In alle vroegte vertrekken we richting Oslob alwaar we de boot naar de haai pakken. Enigszins omstreden is deze plek wel. Normaal gesproken migreren deze vissen en moet je dus precies op het juiste moment ter plekke zijn om een kans te hebben ze te zien. Hier worden ze echter gevoerd en zijn ze gestopt met migreren. Niet helemaal juist dus maar we zijn hier op het verkeerde moment voor de natuurlijke trek dus we doen het toch maar even zo. Aangekomen bij de ticketoffice zien we dat we niet de enige zijn. Vooral veel nerveus giechelende Filippijnen zijn ook ter plaatse. Na betaling worden we op een bankje gezet in afwachting op onze afroep. Een katje van 8 weken heeft zich onder ons tafeltje verborgen. Bij gebrek aan een moeder heeft de kleine vriend Arjenne tot haar nieuwe moeder gebombardeerd. Luid spinnend en knagend op Aries vingers drukt ze zich stevig tegen Arjenne aan. Dan worden we afgeroepen en moeten we de kleine vriend en zijn roep om melk achterlaten.

In gestrekte mars gaan we met een mannetje of 8 naar de boten aanlegplaats. Het is er een drukte van belang. De bootjes vormen aan twee kanten een maanvormige rij zo'n 50 meter uit de kust. Iedereen krijgt 30 minuten de tijd om de gigantische goedzakken te bekijken. Peddelend nemen we achteraan in de rij plaats. De eerste uitroepen van opwindig klinken al. Een enorme rugvin breekt het wateroppervlak slechts enkele meters bij ons vandaan. Ongeduldig vraag ik onze gids of we er al in mogen, knikkend bromt de gids "boot 26". Bij de eerste knik vallen we al richting het water met ons masker en snorkel aan. Het gemompelde "boot 26" bereikt ons nog net voordat we ons onderdompelen in de wereld van dit magistrale dier. Het is in 1 woord fantastisch! Zowel grotere als kleinere walvishaaien zwemmen ons voorbij. Zo nietig zijn we in vergelijking met deze prehistorische kolossen. De bek van wel 1 meter doorsnee openend gutst het water vol plankton naar binnen. De onderwatercamera en go-pro draaien overuren. Meerdere malen worden we gemaand dichter bij de boten te blijven. In de briefing hadden we de opdracht gekregen 4 meter afstand te houden, maar dat had de haai niet helemaal begrepen. In 40 cm zat ook een 4 dus we vonden het wel best. Nu kunnen wij beide zwemmen wat zeker niet gold voor de meeste aanwezige toeristen. Hun gezichten vertrokken in een brede grijns van extase, hangend in hun te grote zwemvesten zijn ze niet in staat te manouvreren. Regelmatig grijpen de gidsen in en hijsen ze een Filippino met vest en al weeer terug in de boot. De 30 minuten vliegen voorbij en er was toch nog iets met nummer 26? Boven water kijkend zie ik onze boot nergens meer, na enige tijd zoeken besluiten we na 40 minuten sinds vertrek zelf maar terug naar land te zwemmen. Daar aangekomen is er nog steeds geen boot met nummer 26 te zien. Wij waren kwijt en zij waren kwijt, als dat maar niet tot paniek leidt. Gelukkig komt daar de boot al aan, ze hadden ons ook gezocht en niet gevonden. Eind goed al goed. Snel even douchen en door naar de waterval.

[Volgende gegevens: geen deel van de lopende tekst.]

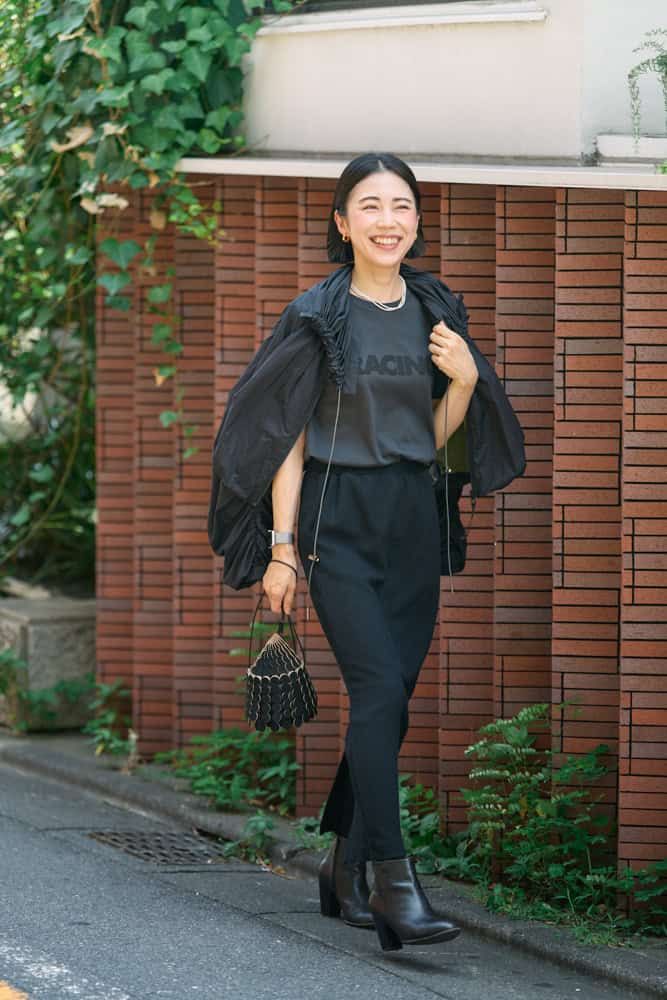 夏はホワイトのボトムやカゴバッグなど、重くならない色合わせで着ていた黒Tシャツ。秋はオールブラックコーデで楽しみたい。秋とはいえまだ暑さが残るため、小物から季節感をシフトします。足元はサンダルからショートブーツへ。スエードのバッグやデザイン性のあるアウターを羽織り、アクセサリーはアクセントになるようメリハリを効かせます。

Druipend en met een grote glimlach op onze gezichten nemen we plaats op een handdoekje in de SUV. Snel rijden we de heuvels in, na een tijdje komen we op de plaats van bestemming aan. In de verte zien we de Tumalog waterval al. Vanaf grote hoogte stort ze zich vanuit het groene oerwoud de diepte in. Vanaf de parkeerplaats is het nog slechts 400 meter lopen, maar we kunnen ook een brommer nemen, vertelt de gids. Nee, we lopen wel, een beetje beweging kan geen kwaad. Hij had er echt vergeten bij te vertellen dat de weg vrijwel loodrecht omlaag liep. Voorzichtig omlaagschuifelend op onze profielloze slippers komen we bij de waterval aan. We verwachten er niet veel van, maar we dachten, waarom ook niet. We zouden er moeten kunnen zwemmen en dat is altijd leuk. De waterval overtreft onze verwachting ruimschoots. Van een meter of 80 stort ze zich in tientallen stroompjes omlaag. De wand waarlangs ze valt is grillig waardoor tientallen watervalletjes onstaan. Mos nestelt zich op de plekken die afgeschermd zijn van het directe water. Zo heeft de waterval een groen karakter. Onderaan heeft zich een vrij grote poel zeer fris water gevormd. Ook hier barst het van de giechelende Fillipino's. De selfies flitsen voorbij. Ik word door iets te vrouwelijke mannen gevraagd een foto te maken voor America's next topmodel. Daarna mag de fotograaf ook nog even op de foto. Mijn hand vasthoudend vraagt de boef of ik alleen ben en of ik een vriendin heb. Snel naar Arjenne wijzend vind ik razendsnel een betere plek om te fotograferen. Mijzelf excuserend maak ik me uit te voeten. Na een frisse duik en een waterval douche beginnen we aan de klim terug naar de parkeerplaats.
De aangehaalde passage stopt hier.